++++ Exercise data ++++

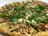 Goat cheese, roasted red peppers, sweet Italian sausage finished with arugula, balsamic glaze, EVOO, & asiago.
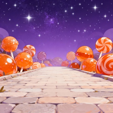 梦幻插画风,卡通感十足,虚拟现实中的糖果小径,引领至星空下的奇幻世界。
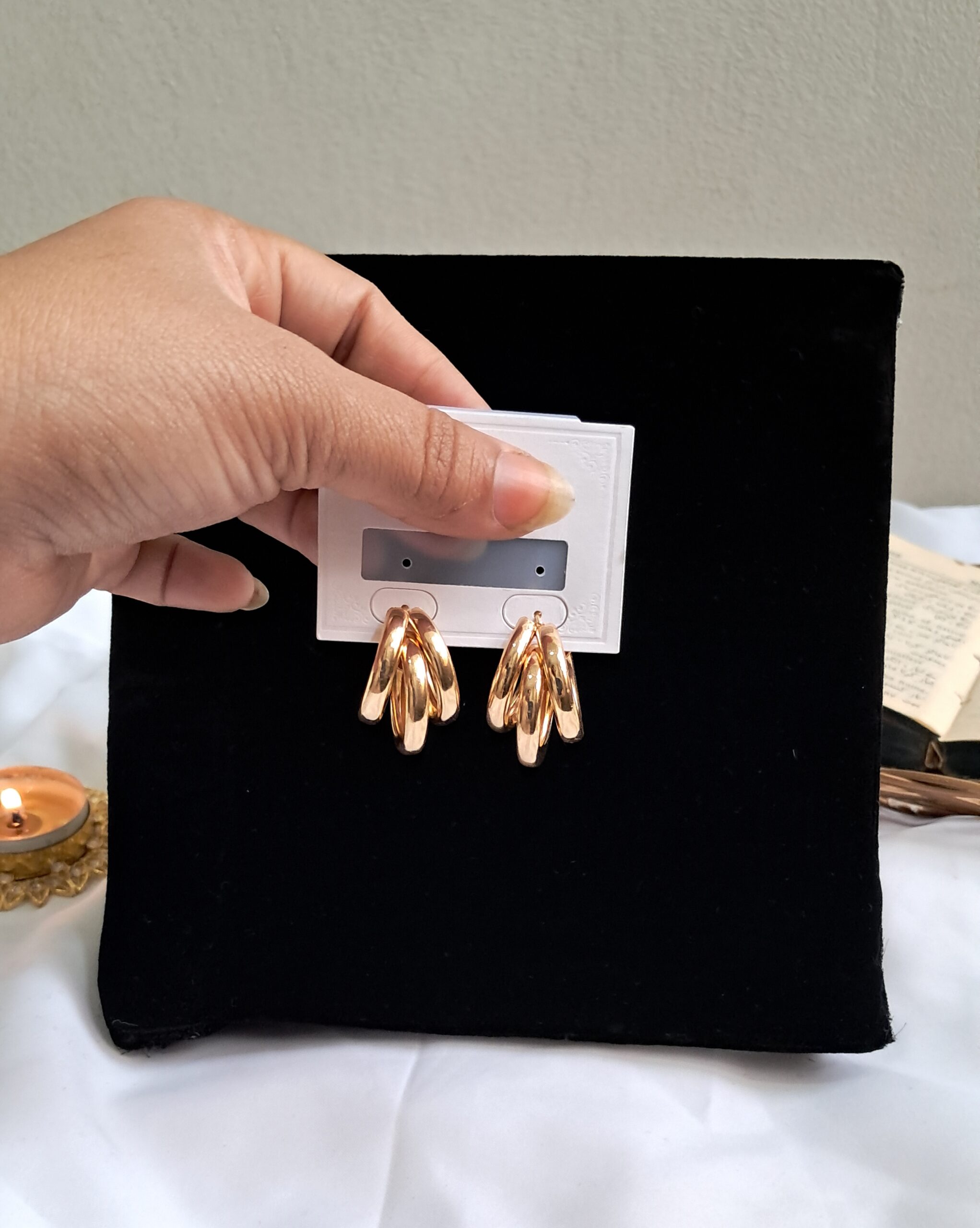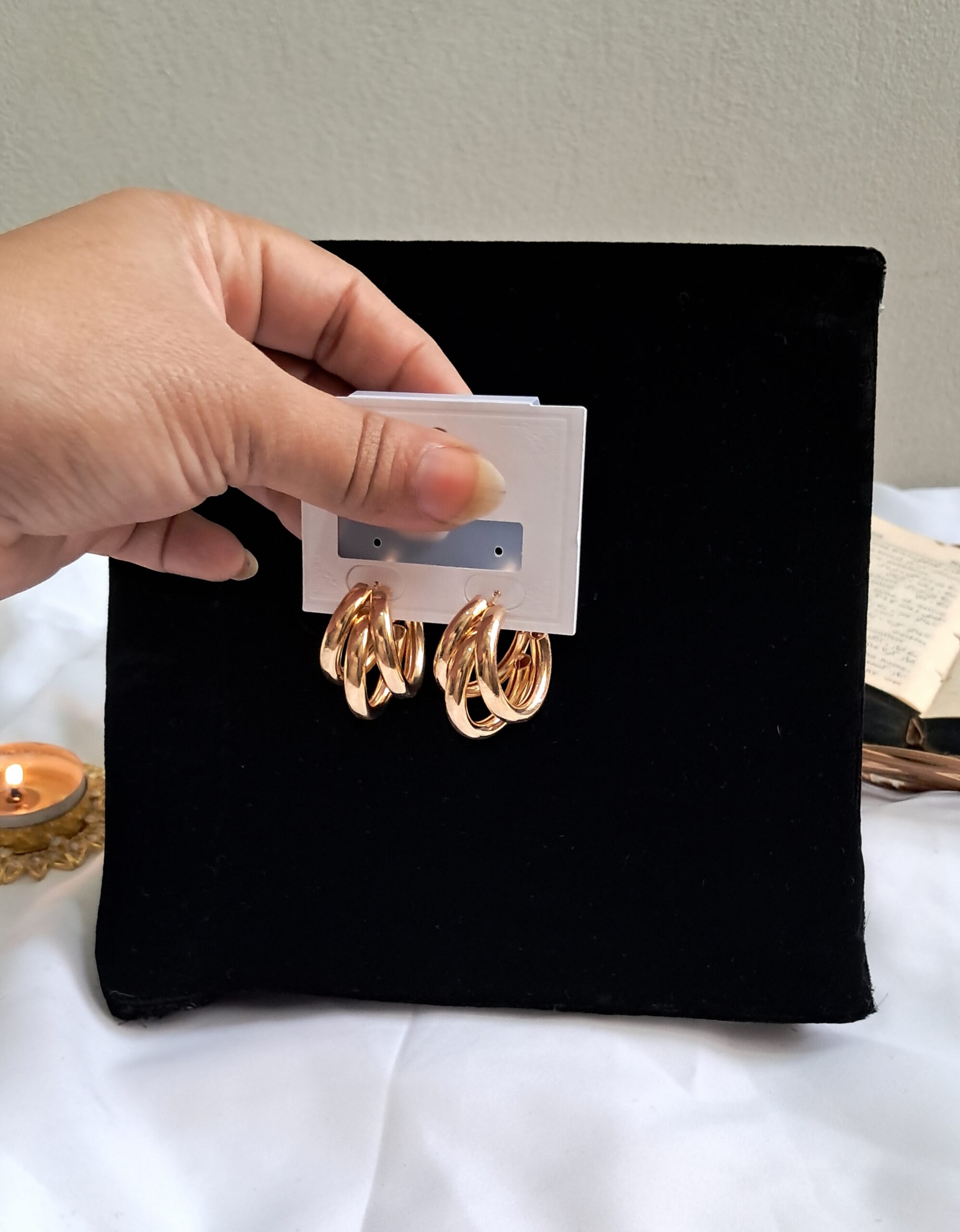 The Golden Tri-Circle Hoop Earrings are designed for contemporary style lovers who want to make a statement. Featuring three interconnected hoops with a smooth golden finish, these earrings bring sophistication, shine, and versatility to your look.
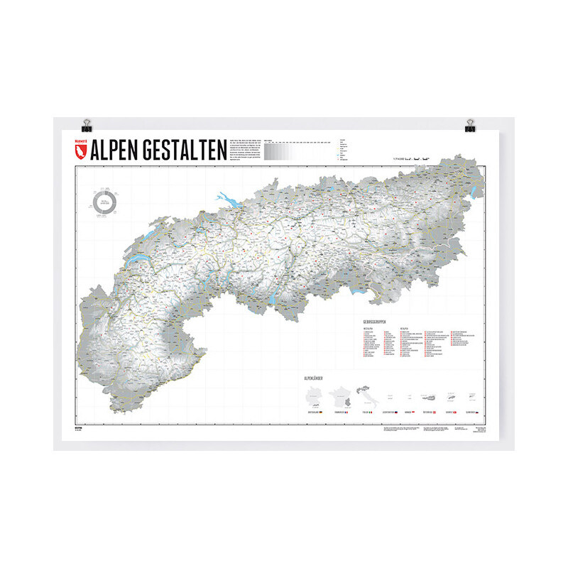 Podstawą naszej mapy są linie wysokościowe w odstępach co 250 metrów. Dzięki temu mapa jest plastyczna i dobrze oddaje topografię Alp. Oprócz granic ośmiu krajów alpejskich i ich regionów zaznaczono najważniejsze drogi, przełęcze alpejskie i rzeki, a także miasta i góry jako punkty orientacyjne. Na mapie zaznaczono również granice regionów poszczególnych krajów alpejskich. Na mapie zaznaczono i wymieniono 63 grupy górskie Alp według definicji Paula Zahna.
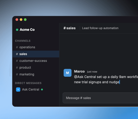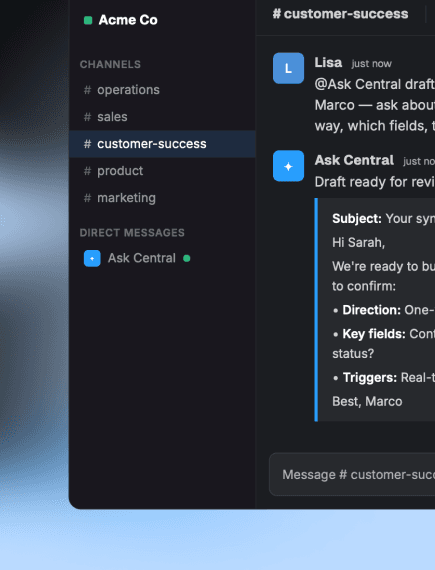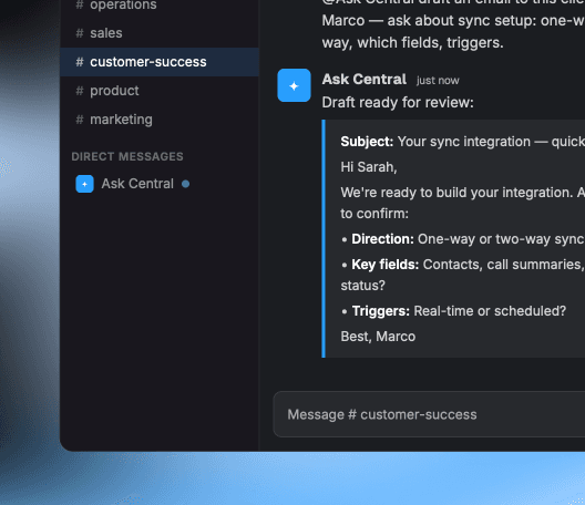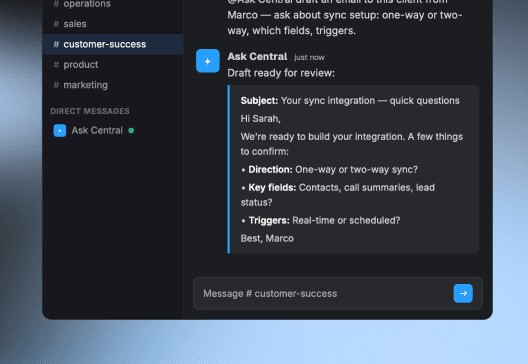 You manage your business across a dozen tools, a hundred tabs, and zero free time. Ask Central collapses all of it into one Slack message — with full context of your CRM, calls, inbox, pipeline, and 160+ apps.
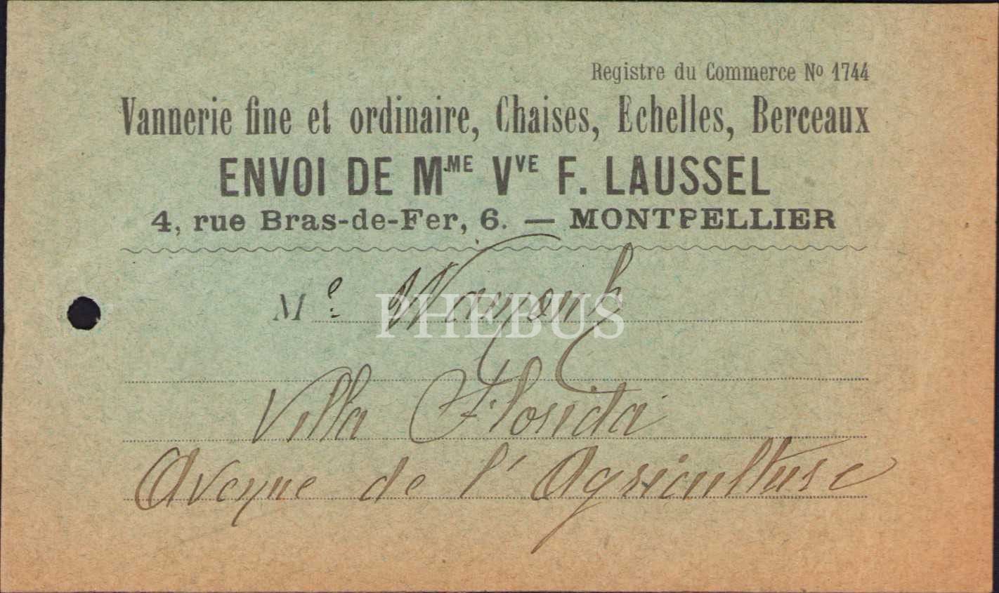 Fransızca kartvizit, Vannerie fine et ordinaire chaises , echelles, berceaux [Güzel ve sıradan sepet sandalyeler, merdivenler, beşikler], 12x6 cm
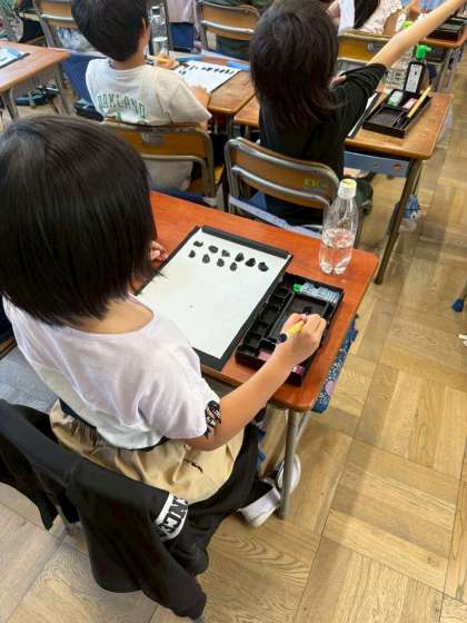 筆を洗う用のペットボトルをまだ持ってきていない場合は、来週までに500ml以下の小さめのものをご準備ください。本体とふたの2ヵ所に記名もお願いします。
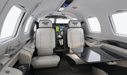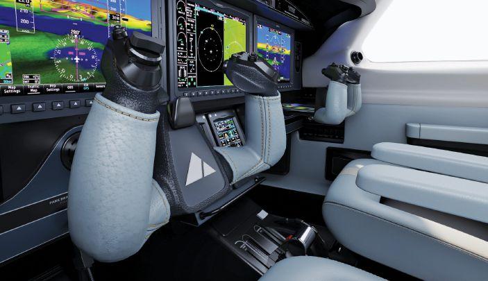 more interesting look. While the interior of a brand-new aircraft is luxurious (to say the least), passengers can easily get in and out of the aircraft thanks to the air stair. However, pilots are required to squeeze between the pilot and co-pilot seats and for some larger framed pilots, must be schooled in gymnastics, essentially turning their limber bodies into pretzels while squeezing between the two seats. However, once a pilot has accomplished this maneuver a few times, it will become second nature. For older and less nimble pilots, this may be an issue. The
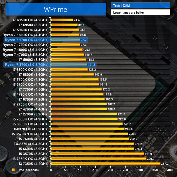 WPrime takes advantage of the 1700's sixteen threads for number crunching and returns stellar performance. The £330 chip comfortably holds its own against Intel's £1000 octa-core and the similarly-priced 4C8T 7700K is noticeably slower than Ryzen 7 1700, even with a 1GHz+ frequency advantage.

++++

**What the task requires:** Set the records down again exactly as given, and leave the pictures out.

**Answer:**
 Goat cheese, roasted red peppers, sweet Italian sausage finished with arugula, balsamic glaze, EVOO, & asiago.
 梦幻插画风,卡通感十足,虚拟现实中的糖果小径,引领至星空下的奇幻世界。
 The Golden Tri-Circle Hoop Earrings are designed for contemporary style lovers who want to make a statement. Featuring three interconnected hoops with a smooth golden finish, these earrings bring sophistication, shine, and versatility to your look.
 Podstawą naszej mapy są linie wysokościowe w odstępach co 250 metrów. Dzięki temu mapa jest plastyczna i dobrze oddaje topografię Alp. Oprócz granic ośmiu krajów alpejskich i ich regionów zaznaczono najważniejsze drogi, przełęcze alpejskie i rzeki, a także miasta i góry jako punkty orientacyjne. Na mapie zaznaczono również granice regionów poszczególnych krajów alpejskich. Na mapie zaznaczono i wymieniono 63 grupy górskie Alp według definicji Paula Zahna.
 You manage your business across a dozen tools, a hundred tabs, and zero free time. Ask Central collapses all of it into one Slack message — with full context of your CRM, calls, inbox, pipeline, and 160+ apps.
 Fransızca kartvizit, Vannerie fine et ordinaire chaises , echelles, berceaux [Güzel ve sıradan sepet sandalyeler, merdivenler, beşikler], 12x6 cm
 筆を洗う用のペットボトルをまだ持ってきていない場合は、来週までに500ml以下の小さめのものをご準備ください。本体とふたの2ヵ所に記名もお願いします。
 more interesting look. While the interior of a brand-new aircraft is luxurious (to say the least), passengers can easily get in and out of the aircraft thanks to the air stair. However, pilots are required to squeeze between the pilot and co-pilot seats and for some larger framed pilots, must be schooled in gymnastics, essentially turning their limber bodies into pretzels while squeezing between the two seats. However, once a pilot has accomplished this maneuver a few times, it will become second nature. For older and less nimble pilots, this may be an issue. The
 WPrime takes advantage of the 1700's sixteen threads for number crunching and returns stellar performance. The £330 chip comfortably holds its own against Intel's £1000 octa-core and the similarly-priced 4C8T 7700K is noticeably slower than Ryzen 7 1700, even with a 1GHz+ frequency advantage.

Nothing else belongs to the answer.